Me encerré en el baño y lloré en silencio. ¿Por qué la vida era tan injusta? ¿Por qué los sueños de las chicas como yo siempre parecían imposibles?

Pasaron los días y la tensión en casa crecía. Mi hermano menor, Diego, empezó a juntarse con unos chicos raros del barrio. Una noche llegó tarde y con los ojos rojos.

—¿Dónde estabas? —le preguntó mi mamá, pero él solo se encogió de hombros y se metió a su cuarto dando un portazo.

Yo sabía lo que estaba pasando. En nuestro barrio era fácil caer en las drogas o en las pandillas. Sentí miedo por él y rabia conmigo misma por no poder ayudarlo.

Un sábado por la tarde, mientras ayudaba a mi mamá a limpiar la casa de una señora en Miraflores, vi cómo vivía la gente rica: casas enormes, jardines cuidados, niños jugando sin miedo. Me pregunté si alguna vez yo podría tener una vida así.

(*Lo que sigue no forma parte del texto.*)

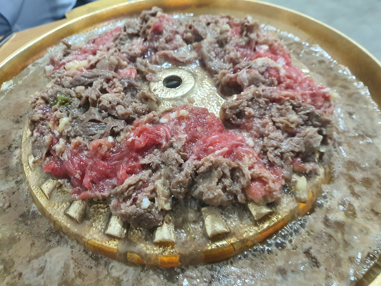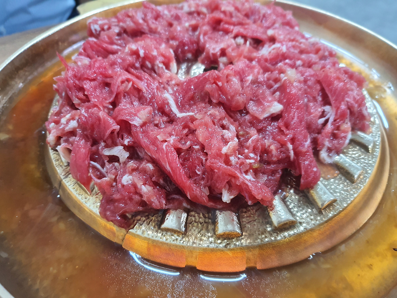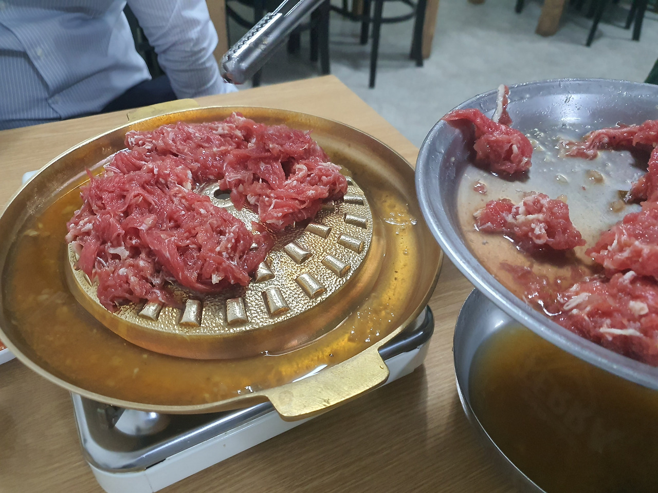 불고기 등판. 9월 휴가 때 광양에서 광양불고기를 먹고 왔는데 스타일은 약간 다르다. 광양불고기는 숯불에 석쇠로 굽는데, 여긴 가스불이다. 2인분인데 양이 기대 이상으로 많았다. 두 판이 나온다.

—¿En qué piensas? —me preguntó mi mamá mientras sacudía una alfombra.

—En nada… Solo quiero salir adelante —le respondí.

Ella me sonrió con tristeza. —Tú puedes lograrlo, hija. Solo no te rindas.

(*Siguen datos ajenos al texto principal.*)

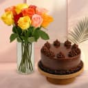 This gift combo has: - 12 Mixed Roses - A Glass Vase - Chocolate Cake (500g) Deliver happiness with this Combo of Fresh 12 Mixed Roses arranged in a Glass Vase with 1/2 Kg Chocolate Cake arranged ideally to make your loved ones very contented and joyous.

Pero rendirse parecía cada vez más fácil. Sobre todo cuando recibí la carta de rechazo de la universidad. No había pasado el examen de admisión. Sentí que todo mi esfuerzo no había servido para nada.

Esa noche discutí con mi mamá como nunca antes.

—¡Tú no entiendes! ¡No puedo más! ¡Nunca voy a salir de aquí! —le grité entre lágrimas.

Ella me miró con dolor y rabia al mismo tiempo.

—¿Y crees que yo sí puedo? ¡Yo también estoy cansada! Pero sigo luchando por ustedes…

Me encerré en mi cuarto y lloré hasta quedarme dormida. Al día siguiente no quise levantarme de la cama. Lucía vino a buscarme y me obligó a salir.

—Vero, no puedes rendirte ahora. Hay otras formas de seguir estudiando… Hay becas, hay institutos…

Pero yo solo veía puertas cerradas.

Pasaron semanas así, hasta que un día Diego no volvió a casa. Mi mamá y yo recorrimos el barrio buscándolo. Lo encontramos dos días después en una comisaría: lo habían detenido por estar en una pelea callejera.

Mi mamá se desplomó al verlo tras las rejas. Yo sentí una mezcla de rabia y culpa. ¿En qué momento nuestra familia se había roto tanto?

Esa noche, mientras Diego dormía en su cama después de salir libre gracias a la ayuda de un vecino policía, mi mamá y yo hablamos por primera vez sin gritos ni reproches.

—Hija… Tal vez no podamos cambiar todo lo malo que nos pasa… Pero podemos seguir intentándolo juntas —me dijo tomando mi mano.

Lloramos abrazadas hasta quedarnos dormidas en el sillón.

Con el tiempo conseguí una beca parcial para estudiar enfermería en un instituto cercano. No era medicina, pero era un comienzo. Diego empezó a ir a terapias comunitarias y poco a poco dejó las malas juntas. Mi mamá siguió trabajando duro, pero ahora sonreía más seguido.

Hoy tengo veintidós años y estoy por terminar mi carrera. No soy doctora ni vivo en una casa grande con jardín, pero cada día me levanto sabiendo que luché por lo que tengo. Y aunque la mala racha nunca desaparece del todo, aprendí que los sueños pueden cambiar… pero nunca deben morir.

A veces me pregunto: ¿Cuántas Verónicas hay allá afuera sintiendo que sus sueños se apagan? ¿Cuántas veces más tendremos que caernos antes de aprender a levantarnos juntas?